Computer Science Problem Solving: Course Outline
General Information
| Class: | T Th 12:30-14:00 @ SCRF1024 |
| Coordinators: |
Ali Taleghani, Igor Naverniouk |
|
e-mails: ali{at}math{dot}ubc{dot}ca, igor{at}lexansoft{dot}com
|
| (optional) Text: |
Cormen, Leiserson, Rivest, Stein: Introduction to Algorithms |
About the Course
| Objectives: |
After completing this course, you will have:
- - Acquired an in-depth understanding of a variety of algorithms
- Theoretical basis and efficient implementation.
- - Mastered practical programming skills
- - Developed a useful personal code library
- We will be implementing a large number of
algorithms common to many programming projects.
|
|
| Contents: |
We will begin with a practical overview of input/output methods
in C++ and Java. The C++ Standard Template Library is then reviewed
with focus on streams and useful datastructures. To motivate our
discussion of more efficient algorithms, we will take a brief look at
brute force solutions to some common problems. We follow with a
discussion of dynamic programming, memoization, number-theoretic
algorithms, computational geometry, graph algorithms, and string
parsing. Time permitting, we will look at NP-complete and NP-hard
problems and efficient ways of using brute force methods.
|
|
| Resources: |
We will be using an automated judging software. The students will
submit their problem solutions to the judge by e-mail and receive
feedback as to the correctness and efficiency of their source code. After
the submission deadline, we will collect the submissions from the
automated judge for marking.
A similar automated judge, along with a large problem archive of
over 1000 problems, is available on the University of Valladolid (Spain)

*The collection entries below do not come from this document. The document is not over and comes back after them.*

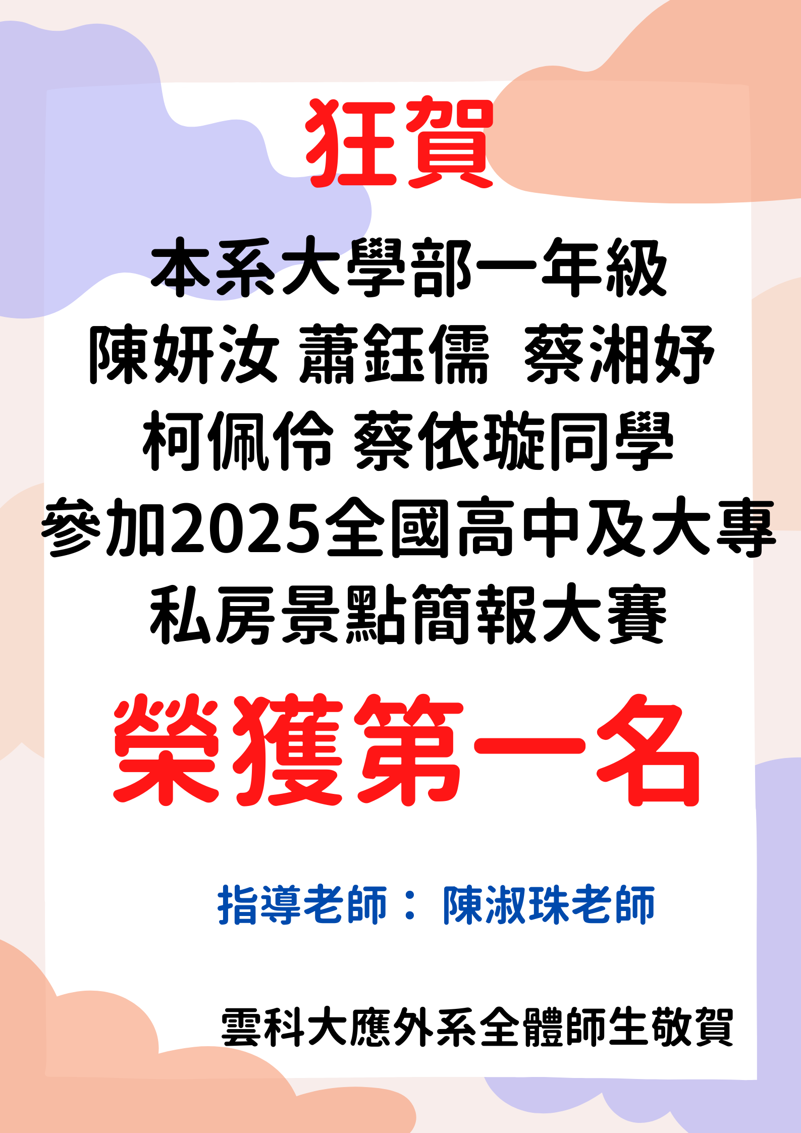 恭賀!本系大學部一年級陳妍汝、蕭鈺儒、蔡湘妤、柯佩伶、蔡依璇同學 參加2025全國高中及大專私房景點簡報大賽 榮獲第一名
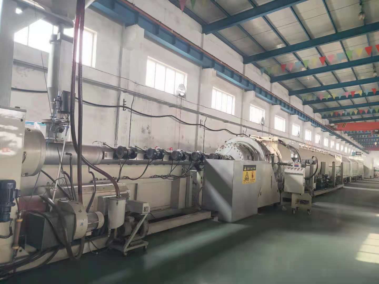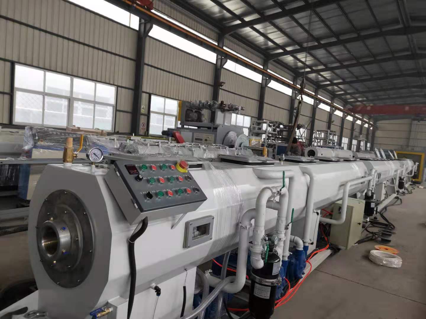 3、HDPE給水管設(shè)備選擇使用多履帶牽引機以及高精度切割機,使其具有低噪音、高效率耐用等多種特性;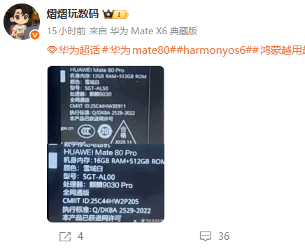 2025年11月17日,博主“熠熠玩数码”分享了华为Mate 80 Pro系列包装盒,包装盒信息显示,Mate 80 Pro提供12GB和16GB运存版本,对应不同处理器配置:12GB版本(型号SGT-AL50)搭载麒麟9030,16GB版本(型号SGT-AL00)则升级为麒麟9030 Pro。据爆料,麒麟9030系列工艺在核心架构与性能上会有进一步提升,因此成为了全网热议的焦点话题。
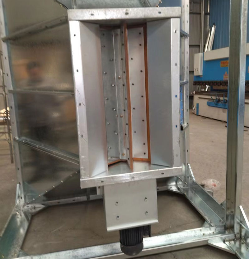 灰斗傾角不宜小于55~60°,且內(nèi)壁要光滑,四個轉(zhuǎn)角處***好焊接R=200的圓弧形鋼板,消滅“死角”?;叶繁诎惭b振打器,每個灰斗配備兩個1.1KW電振機,同時每只灰斗裝一個可用大錘敲打的在水平方向伸出灰斗加固筋外緣300mm的垂直打擊面,其安裝位置在灰斗捅灰也相鄰的側(cè)壁上。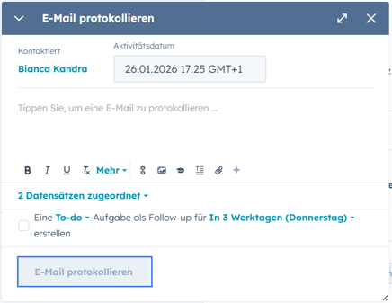 - In dem erscheinenden Pop-Up kannst du durch erfassen von Datum und Inhalt die E-Mail die relevanten Infos hinterlegen und mit Klick auf "E-Mail protokollieren" bestätigen.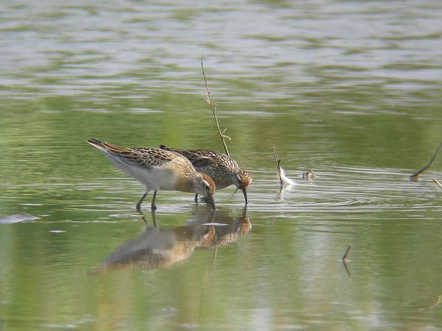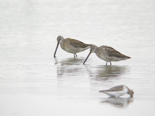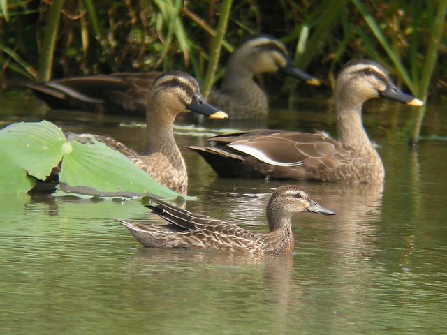 09.09.28 稲敷市 ・クサシギ ・シマアジ(手前) ・オグロシギ ・オグロシギ ・ウズラシギ(と思います) クサシギが遠くの方に見えました。強い日差しの下にいるのはつらかったのですが、しばらく観察しました。オグロシギの群れが遠くに降りて近づいてきたからか、クサシギも写せる距離まで来てくれました。ウズラシギ(と思うのですが)もクサシギと同じようにこちらのほうに移動してきました。 カルガモやコガモに混じってシマアジがいました。 |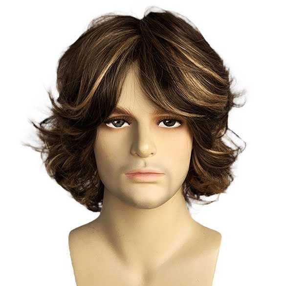 € 37,95Mannenpruik halflang krullend haar in laagjes. Model met pony. Goudgele highlights.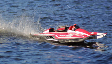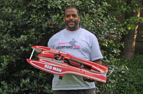 The model: This is the third boat of the Red Man team that Gene was running in Division two. Gene turned the boat over to Mitch Dillard to run for him in 2013. Mitch replaced the heavy cowling with vacuum formed ones, reinforced the bottom, repositioned the motor and replaced the stuffing box, strut and skid fin, remounted the dummy motor, sanded down and repainted the hull and it's turned out to be a pretty good race boat. Mitch is proud to be part of the Red Man Racing team.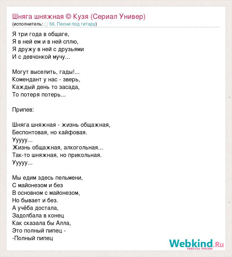 Я три года в общаге, Я в ней ем и в ней сплю, Я дружу в ней с друзьями И с девчонкой мучу... Могут выселить, гады!... Комендант у нас - зверь, Каждый день то засада, То потеря потерь... Припев: Шняга шняжная - жизнь общажная, Беспонтовая, но кайфовая. Ууууу... Жизнь общажная, алкогольная... Так-то шняжная, но прикольная. Ууууу... Мы едим здесь пельмени, С майонезом и без В основном с майонезом, Но бывает и без. А учёба достала, Задолбала в конец Как сказала бы Алла, Это полный пипец - -Полный пипец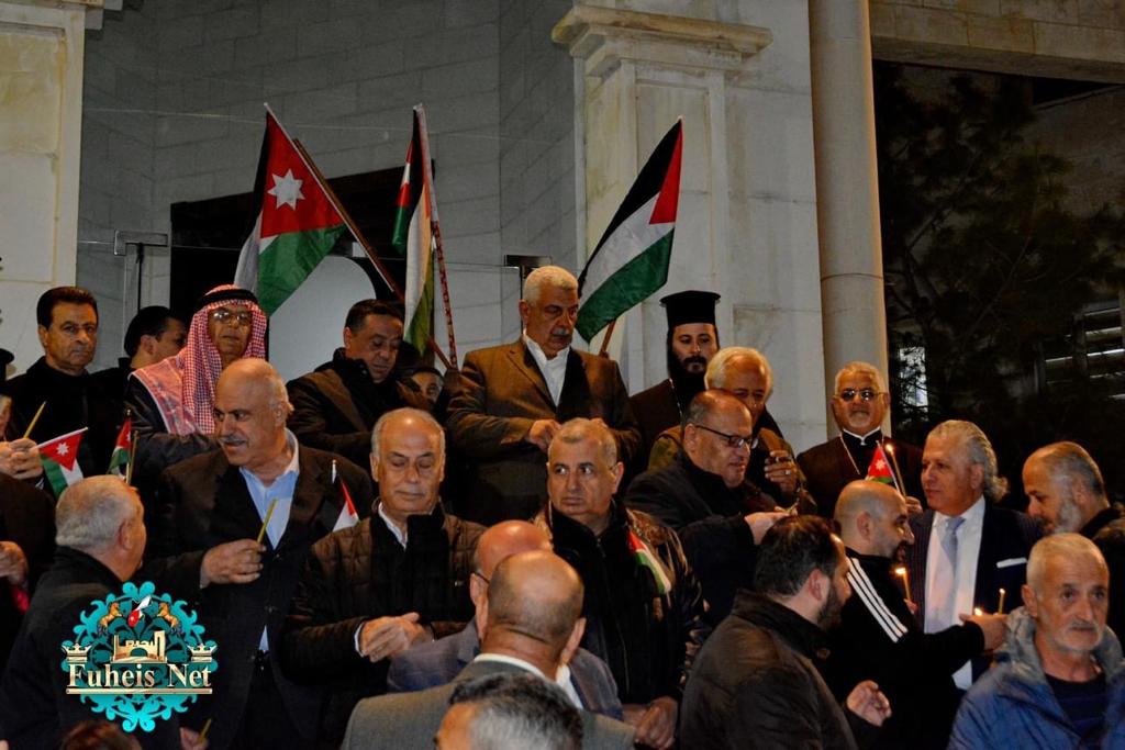 شارك اهالي وابناء ومؤسسات المجتمع المدني والجمعيات الخيرية والعشائرية في مدينة الفحيص / محافظة البلقاء في وقفة تضامنية بدعوة من المجلس البلدي للوقوف صفا واحدا الى جانب والوطن وقيادته واجهزته الامنية ضد الاعمال الاجرامية الهجينة على مجتمعنا مستنكرين الاعمال الارهابية الدخيله والتي ادت الى استشهاد اربعه من خيرة ابناء الامن العام همهم الوحيد حفظ امن واستقرار الوطن

website at http://acm.uva.es/p.
This on-line judge can be used as an additional testing tool for
the students' submissions.
The textbook is available in the bookstore and is the course
textbook used in CPSC320 and CPSC420. Either of the two editions
will be sufficient.
|
| Assessment: |
The final grades will be determined from the following components:
| Weekly problem sets: | 20% |
| Quizzes: | 30% |
| Two midterms: | 20% |
| Final exam: | 30% |
|
| Homework: |
There will be a problem set assigned every week. Students will have one
week to submit their solutions to the automated judge. Solutions producing
the correct output for the test data are deemed correct, but extremely
inefficient solutions will not be accepted. Incorrect solutions will be
judged manually for part marks.
Late assignments will be accepted during a period of one week after the
deadline with a penalty of 50%. Solutions that are mostly correct and on time
will receive higher marks than late submissions.
|
| Schedule: |
| 2 weeks | I/O, STL, java.util |
| 1 week | Brute force |
| 1 week | Dynamic programming and memoization |
| Midterm 1 | |
| 2 weeks | Number theoretic algorithms |
| 3 weeks | Graph algorithms |
| Midterm 2 | |
| 1 week | String parsing |
| 1 week | Computational geometry |
| 1 week(*) | NP-complete and NP-hard problems |
|
| Plagiarism: |
In accordance with the official department policy, plagiarism will not
be tolerated. You are welcome to collaborate on the weekly assignments,
provided you acknowledge your partners. For the quizzes, you will be
allowed to use printed copies of your own code.
Both midterms and the final exam will be closed-book.
|
|